By now the data set contains at least 11 columns with both categorical values and double type values.

Compute descriptive statistics

For each of variable including mean, median, and standard deviation for numerical variables, and frequencies for categorical variables, we should gain some understanding of the data statistics including the relationships between a variety of variables.

Group by the dataset by the number level of difficulty and calculate the average for submitted count for each difficulty; Group according to difficulty and performing aggregate functions.

The below computing process include the maximum and minimum of the leetcode dataset.

# Compute the median for the accepted solutions and submitted solutions
summarize(leetcode, min.totalAccepted = min(`total Accepted`, na.rm = TRUE))
# A tibble: 1 × 1
  min.totalAccepted
              <dbl>
1               262
summarize(leetcode, max.totalAccepted = max(`total Accepted`, na.rm = TRUE))
# A tibble: 1 × 1
  max.totalAccepted
              <dbl>
1           4058693

The below computing process include the median andd inter quartile range of the leetcode dataset.

# Compute the median for the accepted solutions and submitted solutions
summarize(leetcode, median.totalAccepted = median(`total Accepted`, na.rm = TRUE))
# A tibble: 1 × 1
  median.totalAccepted
                 <dbl>
1               43560.
summarize(leetcode, IQR.totalAccepted = IQR(`total Accepted`, na.rm = TRUE))
# A tibble: 1 × 1
  IQR.totalAccepted
              <dbl>
1            112721

The below computing process include the mean and sd, inter quartile range of the leetcode dataset. mean.totalAcceptedRate, is the average rate calculated by the division by the mean of the average submitted attempts and the average accepted attempts.

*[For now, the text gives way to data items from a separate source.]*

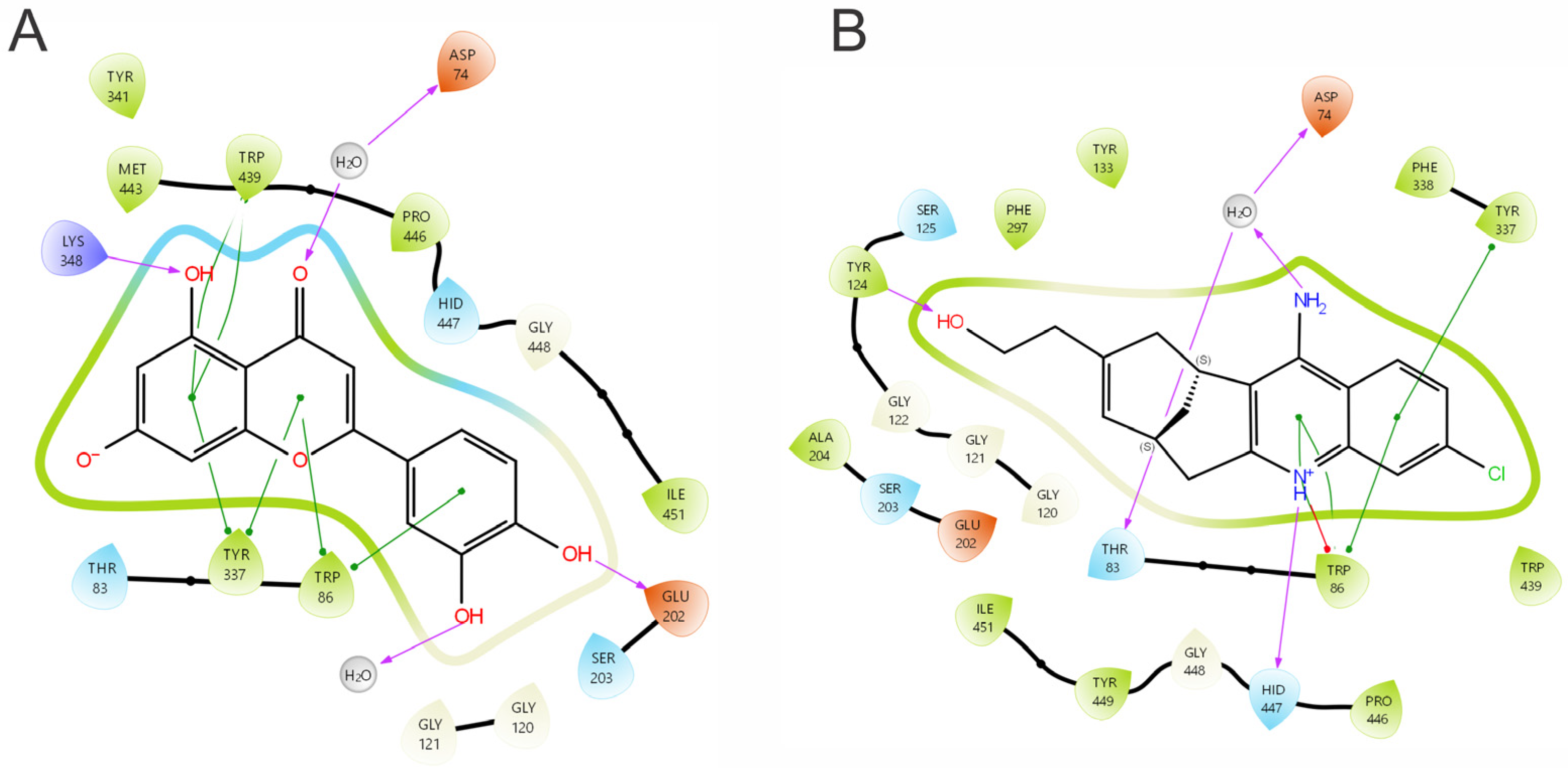 2.6. Compound Selection and Molecular Modeling
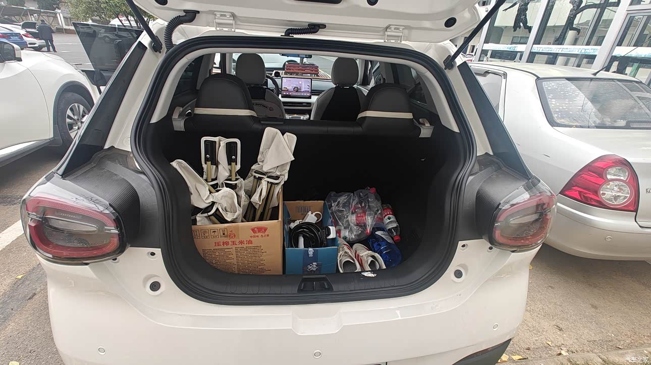 虽然是A0级小车,但是车内空间还是很大的,我身高1.8米坐驾驶位开着很舒适,头部空间一拳多,后排坐三个人无压力,还有前备箱盒,后备箱空间也不错。
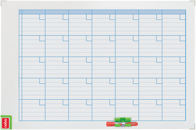 nobo Planing mensuel Performance,(L)900 x (H)600 mm – 1 mois en journée, blanc, magnétique, tableau inscriptible avec surface laquée, brosse intégrée et porte-marqueur,cadre en aluminium, incl

# Compute the mean for the accepted solutions and submitted solutions
summarize(leetcode, mean.totalAccepted = mean(`total Accepted`, na.rm = TRUE))
# A tibble: 1 × 1
  mean.totalAccepted
               <dbl>
1            128905.
summarize(leetcode, mean.totalSubmitted = mean(`total Submitted`, na.rm = TRUE))
# A tibble: 1 × 1
  mean.totalSubmitted
                <dbl>
1             280704.
# Compute the average for the difficulty, 1.978 which means a bit below medium
summarize(leetcode, mean.difficulty = mean(difficulty, na.rm = TRUE))
# A tibble: 1 × 1
  mean.difficulty
            <dbl>
1            1.98
# Compute the sd for the accepted solutions
summarize(leetcode, sd.totalAccepted = sd(`total Accepted`, na.rm = TRUE))
# A tibble: 1 × 1
  sd.totalAccepted
             <dbl>
1          233157.
leetcode %>%
  group_by(difficulty) %>%
  summarize(mean.totoalSubmittedDifficult=mean(`total Submitted`), mean.totalAcceptedDifficult=mean(`total Accepted`), mean.totalAcceptedRate=(`mean.totalAcceptedDifficult`/`mean.totoalSubmittedDifficult`))
# A tibble: 3 × 4
  difficulty mean.totoalSubmittedDi… mean.totalAccep… mean.totalAccep…
       <dbl>                   <dbl>            <dbl>            <dbl>
1          1                 418797.          213609.            0.510
2          2                 269992.          119730.            0.443
3          3                 155624.           58597.            0.377

From above, we can conclude that hard questions have less average ratio when compared to easy and medium. Ratio decreases as difficulty of questions increases in general. In addition, we could conclude that harder the difficulty is, fewer accepted attempts and lower accepted ratio will be.

Compute freq table with leetcode$difficulty

This shows the average Submission for different difficulties.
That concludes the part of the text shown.